家族は誰も会社を辞めることに反対しなかった

── 結婚を決めたいちばんの理由はなんでしたか?

 

どくさいさん:たまに揉めたりはしましたけど、一緒にいて楽しかったんですよね。こんなことは初めてでした。「この人ならこの先もずっと一緒にやっていける」って気づいたので、プロポーズしました。そういう意味では、やっぱり大喜利をやっていてよかった。大喜利のおかげで、友達もめちゃくちゃ増えたし、結婚もできましたから。

 

── 会社を辞めて東京でフリーランスの芸人として活動することを、奥さんはどう思われていたのでしょう?

 

どくさいさん:妻は東北出身で、僕も子どものころは神奈川に住んでいました。それぞれ大学進学のために大阪に来たのですが、関西は楽しいけれど、正直ちょっと合わない部分があって。それで妻とは「いつか東京に出たいね」という話をずっとしていたんです。
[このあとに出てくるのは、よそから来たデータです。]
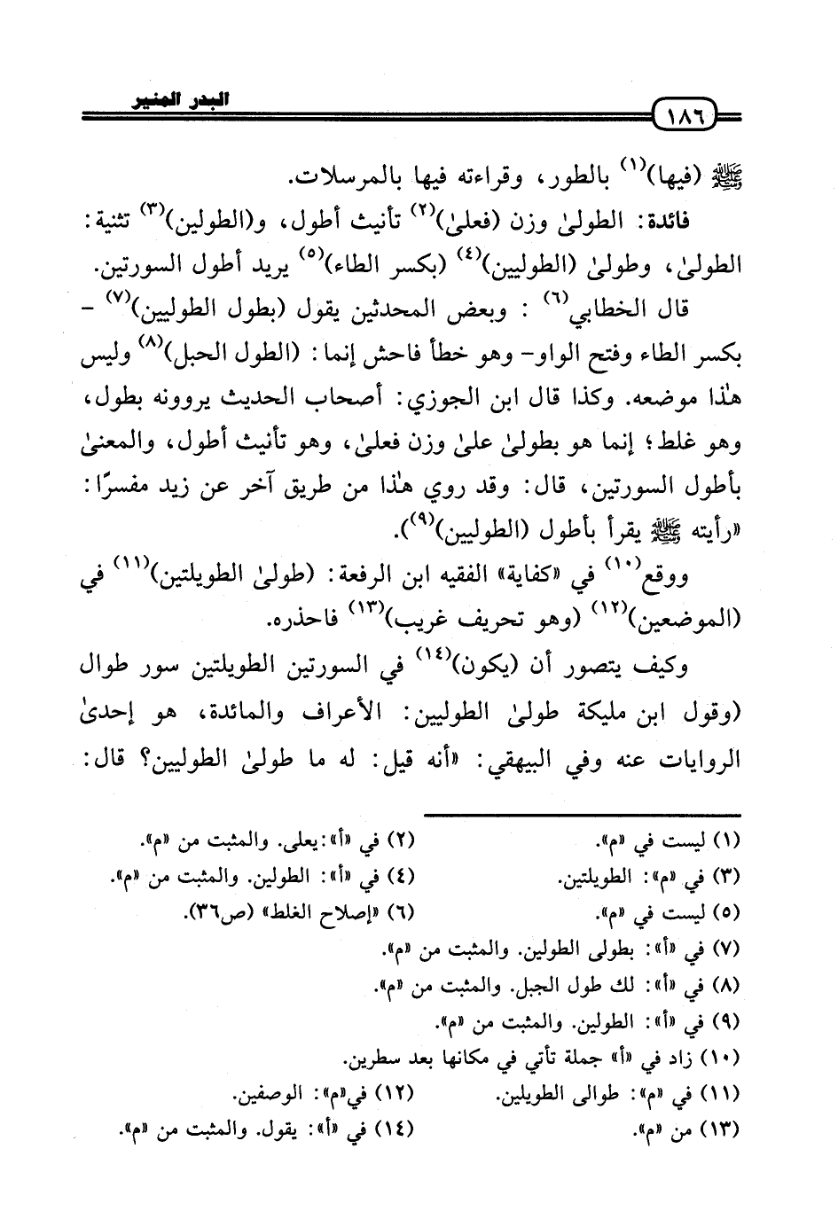 قَالَ الْخطابِيّ: وَبَعض الْمُحدثين يَقُول (بطول الطوليين) - بِكَسْر الطَّاء وَفتح الْوَاو - وَهُوَ خطأ فَاحش إِنَّمَا: (الطول الْحَبل) وَلَيْسَ هَذَا مَوْضِعه. وَكَذَا قَالَ ابْن الْجَوْزِيّ: أَصْحَاب الحَدِيث يَرْوُونَهُ بطول، وَهُوَ غلط؛ إِنَّمَا هُوَ بطولى عَلَى وزن فعلَى، وَهُوَ تَأْنِيث أطول، وَالْمعْنَى بأطول السورتين، قَالَ: وَقد رُوِيَ هَذَا من طَرِيق آخر عَن زيد مُفَسرًا: «رَأَيْته (يقْرَأ بأطول (الطوليين) » .

だから、妻に相談したらすんなりOKをもらえました。

 

── ほかのご家族の反応はいかがでしたか?

 

どくさいさん:僕の両親に相談に行ったら、「こうなるだろうと思っていた」とあっさり言われて。「蓄えはあるのか」って聞かれたので、説明して許しを得ました。妻のご両親がいちばん心配で。許してくれないんじゃないかと想像していたのですが、いざ伝えたら「娘もその覚悟で結婚したと思う」と受け入れてくれました。説得が難しいと思っていた両親が、とても協力的だったのが意外でしたね。おそらく、その前年に『R-1』の決勝に進めたのが大きかった気がします。なにも結果を残していない状態で「お笑いをやりたい」と言っても、たぶん認めてもらえなかったと思うので。

 

奥さんが手がけたライブのフライヤー

── 奥さんにも上京をあと押ししてもらえたのは、心強かったでしょうね。

 

どくさいさん:そうですね。妻は仕事を辞めてついてきてくれました。今はアルバイトをしながら絵を描いたりしています。妻は芸術大学出身で、絵画を専門に学んでいたので、絵は得意なんです。僕は絵はまったく描けないんで、フライヤー制作などは妻に頼んでいます。

 

とはいえ、妻にはなるべく迷惑をかけたくなくて。自分がお笑いをやりたいといって会社を辞めてきたのだから、少なくとも自分ができることは自分でやらないと、と思っています。事務作業などは自分でやりますし、ライブをやるってなったら、会場を借りるのも自分。メールなどのやりとりでもなんでもやります。

 

── 会社員時代のキャリアがこういう部分に生きているんですね。忙しいときもあると思いますが、夫婦間で気をつけていることはありますか?

 

どくさいさん:忙しくて手が回っていないものがあるときは、妻には早めに言うようにしています。というのも、以前ミスったことがあって。同棲を始めるタイミングに、ライブの予定を入れすぎてしまったんです。エアコンの業者さんとの立ち合いなど雑用を妻にまかせっきりにしてしまって。そうしたら、「こんなことが続くのなら、関係を続ける自信がないよ」と言われてしまい、猛反省しました。それ以来、予定が重複しすぎないように気をつけています。